The final notable finding of our study is that LD-monitored P. hirtus displayed about three-fold higher locomotor activity than the two monitor-adjusted DD animals, mostly due to longer resting periods as opposed to differences in activity levels or activity bout durations. While preliminary, given the small sample size of our study, these findings raise the possibility that P. hirtus engages in light-contingent rest phase modes that may be adaptively optimized to cope with the contrasting nutrient provisions of the deep cave and twilight zone environments.

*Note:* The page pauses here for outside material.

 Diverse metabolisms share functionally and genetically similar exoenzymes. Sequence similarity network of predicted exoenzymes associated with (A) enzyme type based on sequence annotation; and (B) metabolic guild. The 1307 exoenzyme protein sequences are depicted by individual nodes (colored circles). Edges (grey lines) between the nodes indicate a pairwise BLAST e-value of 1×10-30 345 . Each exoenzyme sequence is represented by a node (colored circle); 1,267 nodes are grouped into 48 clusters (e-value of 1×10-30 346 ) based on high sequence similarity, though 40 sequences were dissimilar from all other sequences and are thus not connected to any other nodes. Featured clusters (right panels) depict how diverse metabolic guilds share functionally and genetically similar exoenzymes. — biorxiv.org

A rich body of studies in Drosophila confirmed that prolonged resting periods are generally reflective of physiologically and neurologically conserved sleep-like states in insects (Anafi et al. 2019; Beckwith and French 2019; Shafer and Keene 2021). Moreover, studies in vertebrate and invertebrate species converge on supporting the model that the amount of sleep and its circadian distribution are subject to regulatory mechanisms that are independent of the central clock (Borbély 1982; Borbély and Tobler 1996; Duboué et al. 2011; Duboué and Borowsky 2012). Of further potential relevance is that core biological clock genes regulate sleep frequency in Drosophila, as mentioned above (Keene et al. 2010). In light of these data from other species, it is reasonable to speculate that the RA patterns of P. hirtus are the outcome of conserved clock gene expression and yet independent of a central clock.

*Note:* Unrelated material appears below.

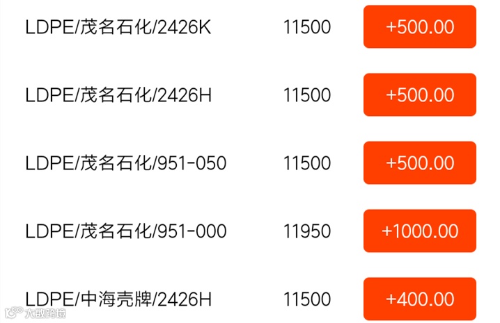 昨日LDPE市场价格继续上涨,茂名石化/951-000日涨1000元/吨!期货大涨,部分石化厂家上调出厂价格,加之神华新疆高压装置检修,茂名石化周末检修两天,货源偏紧,预计短期内LDPE市场价格继续上涨为主。

As a scavenger species, P. hirtus likely has to invest energy in foraging. The nutrient-poor environment of deep cave zones may enforce a more conservative energy investment strategy in the form of a lower food search frequency compared to the more nutrient-rich twilight zones. In the latter, P. hirtus likely enjoys higher probabilities of successful resource discovery, translating into a higher energy budget for sustaining foraging mobility and reproduction. It is therefore conceivable that P. hirtus may be characterized by cave zone ecology-adjusted sleep duration states.

Light regimen contingent sleep duration states have been reported in a number of cave-adapted fish species. In contrast to P. hirtus, however, cavefish species so far analyzed are characterized by higher amounts of energy expenditure in constant darkness due to the shortening of rest phases. This is true for the diverse cave populations of A. mexicanus as well as cave-adapted loach species (Duboué et al. 2011; Duboué and Borowsky 2012; Carlson and Gross 2018). This difference between P. hirtus and cave-adapted fish may be due to different trophic structures of the aquatic subterranean environments of the cavefish populations and the terestrial deep cave zone populated by P. hirtus.

Drosophila has been found to respond to feeding scarcity with activity increase (Lee and Park 2004; Meunier et al. 2007; Keene et al. 2010; Yang et al. 2015). However, fruit flies can also be subjected to selection for starvation resistance, which results in activity reduction due to sleep phase extension (Masek et al. 2014; Slocumb et al. 2015; Miura and Takahashi 2019). It is, therefore, tempting to speculate that the proposed sleep phase extension state of P. hirtus in constant darkness may represent the result of long-term selection to tolerate food scarcity. Equally intriguing, suppressing flight capacity has been found to extend sleep duration in Drosophila (Melnattur et al. 2020). This raises the fascinating possibility that the adaptive sleep-extended state in the flightless P. hirtus may have originated as an integrated outcome of the complete regression of flight capacity. Taken together, our laboratory experiments with P. hirtus uncovered compelling but preliminary evidence of two new paradigms of cave adaptation, which invite further study in this and other cave species systems.